[Provided material — start]

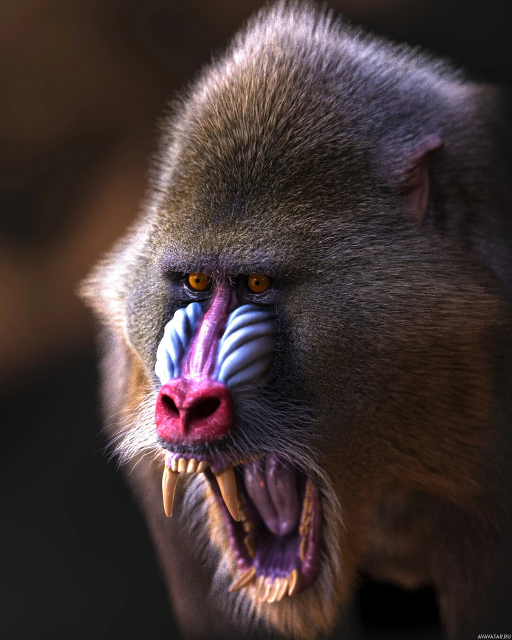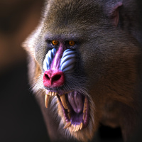 The image features a close-up of an animal that appears to be a baboon. It is characterized by its fur, the coloration on its face, and the overall shape of its head which is not typical for monkeys, but rather resembles more closely a baboon's appearance. Baboons are known for their distinct
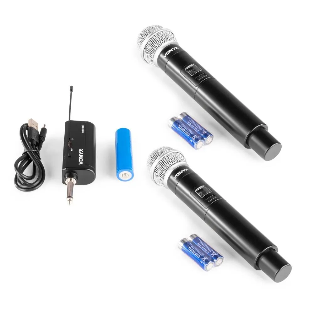 - Handheld microphones are battery operated (2x 1.5V/AA, incl.)
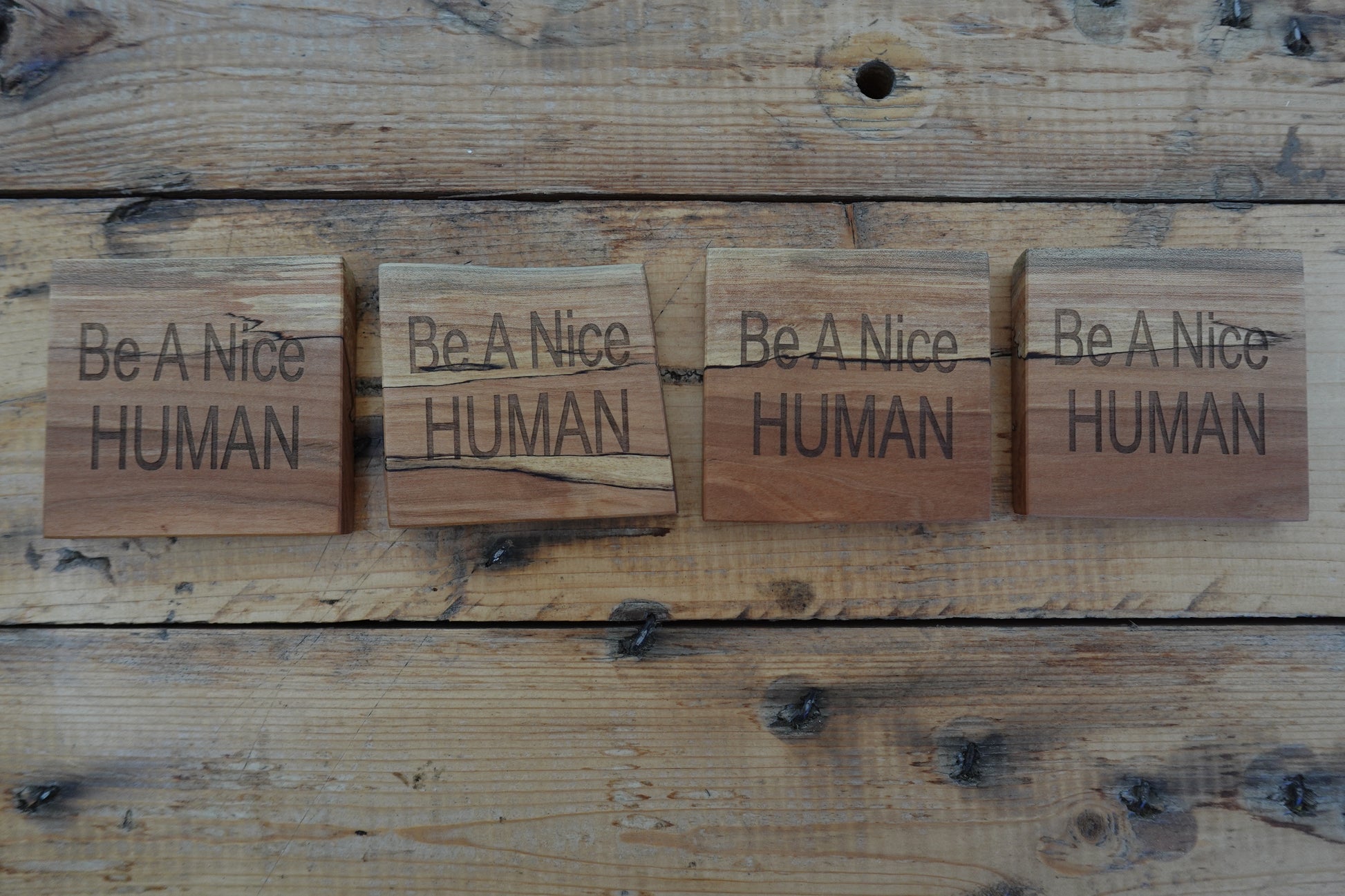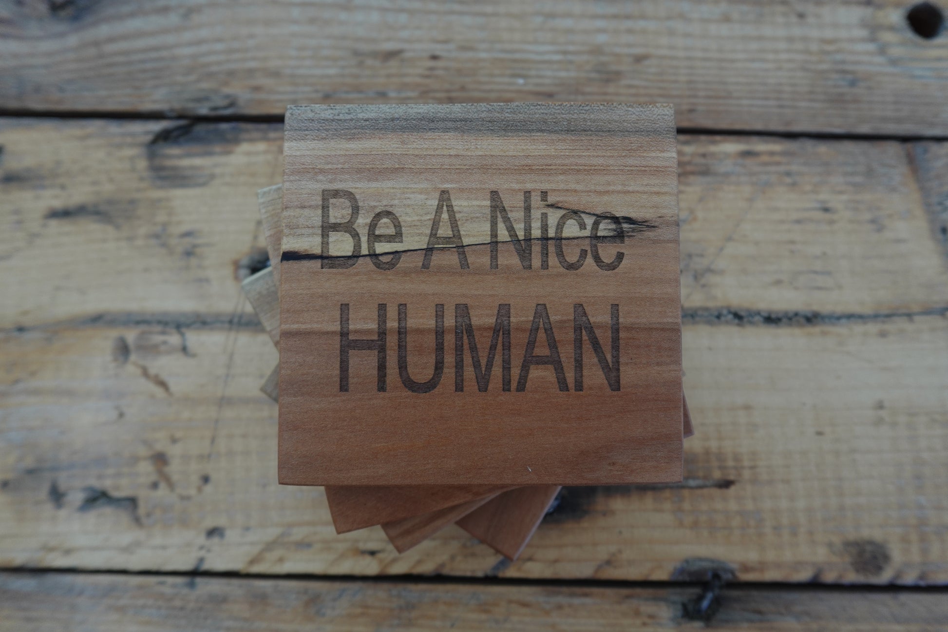 Elevate your home decor and spread positivity with Be A Nice Human Coasters. These coasters feature a great message that will remind you to be kind, and they also function as quality drink coasters. Perfect for any living space, these coasters are a subtle yet impactful addition to your daily routine.
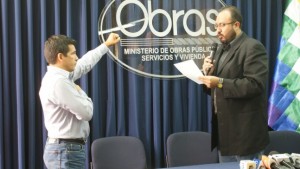 El ministro boliviano de Obras Públicas, Servicios y Vivienda, Milton Claros, dio posesión al nuevo director de...

[Provided material — finish]

Work to complete: Copy exactly, please, the lines that run from the line holding "Elevate your home" through the closing line of the material above, omitting every picture.

Answer box:
 Elevate your home decor and spread positivity with Be A Nice Human Coasters. These coasters feature a great message that will remind you to be kind, and they also function as quality drink coasters. Perfect for any living space, these coasters are a subtle yet impactful addition to your daily routine.
 El ministro boliviano de Obras Públicas, Servicios y Vivienda, Milton Claros, dio posesión al nuevo director de...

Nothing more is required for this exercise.